Therapeutic treatments based on the injection of living cells are in clinical use and preclinical development for diseases ranging from cancer to cardiovascular disease to diabetes. Cell therapy involves direct transplantation, injection or fusion with living cells to treat disease, and the efficacy of cell therapy depends on proper control of its fate and function. Apart from three traditional distinct ways of cell function engineering, a fourth approach, which uses synthetic materials or chemical biology approaches to alter cell surfaces, has recently begun to gain traction. These approaches offer a powerful complement to traditional genetic engineering strategies for enhancing the function of living cells.
Synthetic nanomaterials have a significant role to play in cell surface engineering because of their unique properties and ability to provide beyond the function of single molecules to enhance the therapeutic potential of cell products in the clinic. The key applications of cell surface engineering include engineering cell adhesion and in vivo cell migration by introducing exogenous targeting ligands into the cell membranes or manipulating cell surface glycosylation.
However, studies have shown that synthetic drug nanocarriers with in vivo migration pattern can be applied to provide a wide variety of therapeutic agents, including small molecules, siRNA, contrast agents or vaccines to therapeutically desired anatomical compartments, through the use of dynamic cell-nanoparticle hybrid vehicles, which differ from conventional static drugs targeting ligands. With the combination of cell surface engineering and synthetic nanomaterials approach, cell bioengineering methodologies are ultimately poised to extend far beyond enhancing the efficacy of established cell-based therapies.
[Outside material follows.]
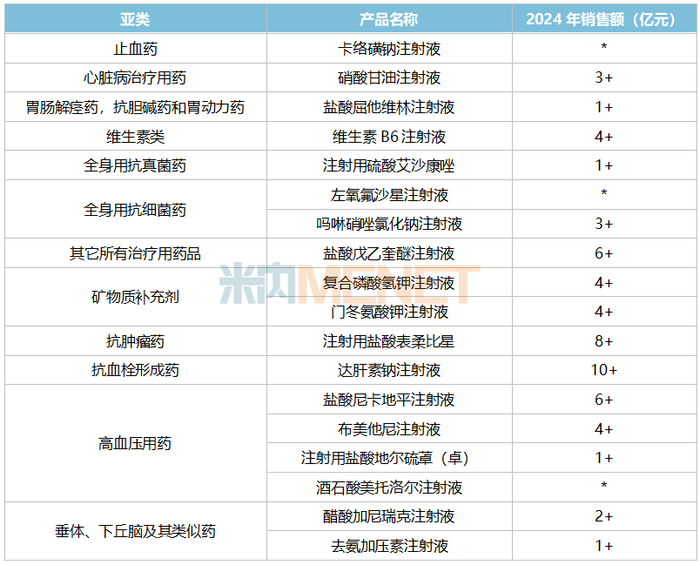 表2:前十批集采已中标的化药注射剂亚类情况

Cell-surface engineering has encountered three major challenges in its development. The first challenge is to develop criteria of clinically-viable cell surface bioengineering strategies that remain to rationally modify select cell-surface molecules without physically blocking or functionally compromising others. Secondly, the dynamic nature of the cell surface is a major challenge for cell surface engineering, which may lead to premature internalization and ultimately the degradation of surface-modified or cell-bound nanocarriers. The third key challenge to cell surface engineering is to introduce synthetic modifications that are compatible with the complex mechanical and biochemical environment the cell is exposed to in vivo.
One possible approach here is to use exogenous materials for cell surface engineering. More in detail, the materials used to modify the cell surface include recombinant proteins, imaging agents and drug-carrying nanoparticles. Researches have shown that chemical/enzymatic cell surface modifications are made using naturally recombination groups or molecules on the cell surface to achieve customized cell-surface glycosylation required by therapeutic engineers. Due to the metabolic or genetic introduction of reactive functional groups on the cell surface, the hydrophobic insertion of the cell membrane, the specific absorption of the cell, and the interaction of ligands with receptors naturally present on the cell surface, it is theoretically very suitable for the contact of nanomaterials with cells to endow donor cells with new characteristics and functions.
It is now proven that nanomaterials play a very important role in achieving stable cell surface modification that regulates the internalization of synthetic materials cell contact via the physical shape of the exogenous material. Besides, the mechanism of cell attachment plays a key role in the stability of cell surface modifications as well.
By studying cell surface engineering, scientists have gained key therapeutic results. The realization of retargeting systemic cell homing enables the donor cells to efficiently homing to the intended tissue or organ, which is crucial to the success of treatment. Moreover, the application of cell surface engineering brings lots of benefits by providing a source of autocrine growth factors for transplanted cells, using cell carriers to target drugs to the tissue sites associated with treatment, and tracking adoptively transferred cells in vivo.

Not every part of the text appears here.